Georgios Vroutos
Born in Athens in 1843, he studied sculpture at the Athens School of Fine Arts from 1859 to 1864 under Georgios Fytalis. At the same time, beginning in 1859, he worked in the marble studio of Ioannis Kossos. In 1866, on the recommendation of Queen Olga, he received a scholarship and continued his studies in Rome, first at the French Academy and later at the Accademia di San Luca. While in Italy, he created one of his best-known works, "The Spirit of Copernicus", which for many years adorned Nikolaos Thon’s mansion in Ampelokipoi, in Athens. He returned to Athens in 1873 and opened his own marble studio in Plaka.

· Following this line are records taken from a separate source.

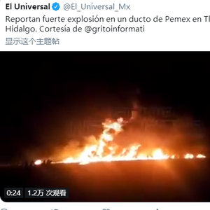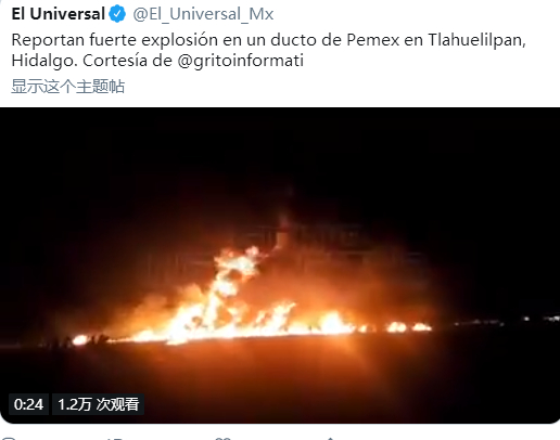 墨西哥中部输油管道爆炸:造成20人死亡、50多人受伤 澎湃新闻 澎湃新闻官方账号 2019.01.1910:48 关注 现场画面(图源:推特)新华社客户端1月19日消息,据外电报道,墨西哥中部一炼油厂附近18日发生管道爆炸,造成20人死亡、50多人受伤。(原标题《墨西哥一炼油厂附近发生管道爆炸 造成20人死亡 50多人受伤》)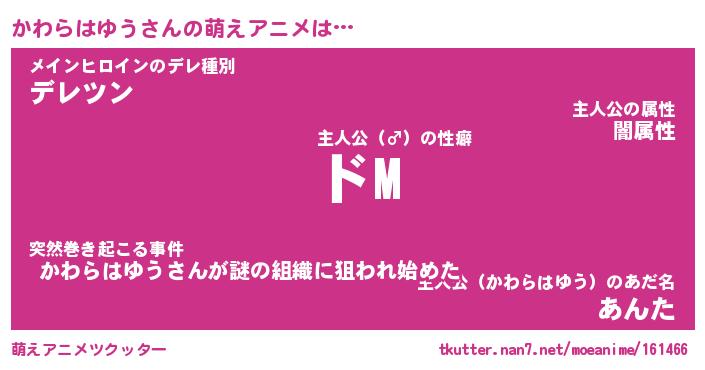 | 男性向けラノベタイトル風あだ名 | 『かわらはゆうの憂鬱』 |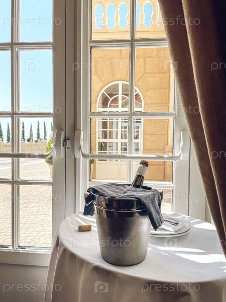 Стол с белой скатертью, тарелками, салфетками и охладителем льда с темной стеклянной бутылкой вина
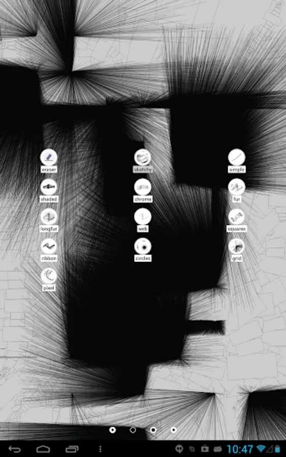 - drawing tools: simple line, pencil, shadow, fur, wool, chrome, squares, web, circles, ribbon, grid-pixel.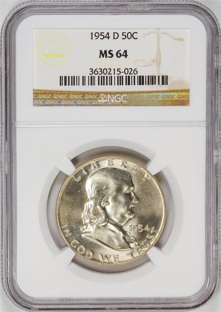 One 1954-D Franklin Half Dollar Coin NGC MS64.

He produced statues (of Korais, Zappas, Averoff, Solomos, and Serpieris), funerary monuments, busts, reliefs, and figures of gods and heroes of ancient Greece. In 1883 he was appointed professor of sculpture at the Athens School of Fine Arts, where he taught until his death. In 1888 he was elected a member of the Académie des Beaux-Arts in Paris. In 1900 he received a prize at the Exposition Universelle in Paris for his "Eros Breaking His Bow" (c. 1896). Vroutos was one of the most prominent and productive sculptors of modern Greece. Strongly influenced by Antonio Canova, he embraced the principles of Neoclassicism. He died in Athens in 1909.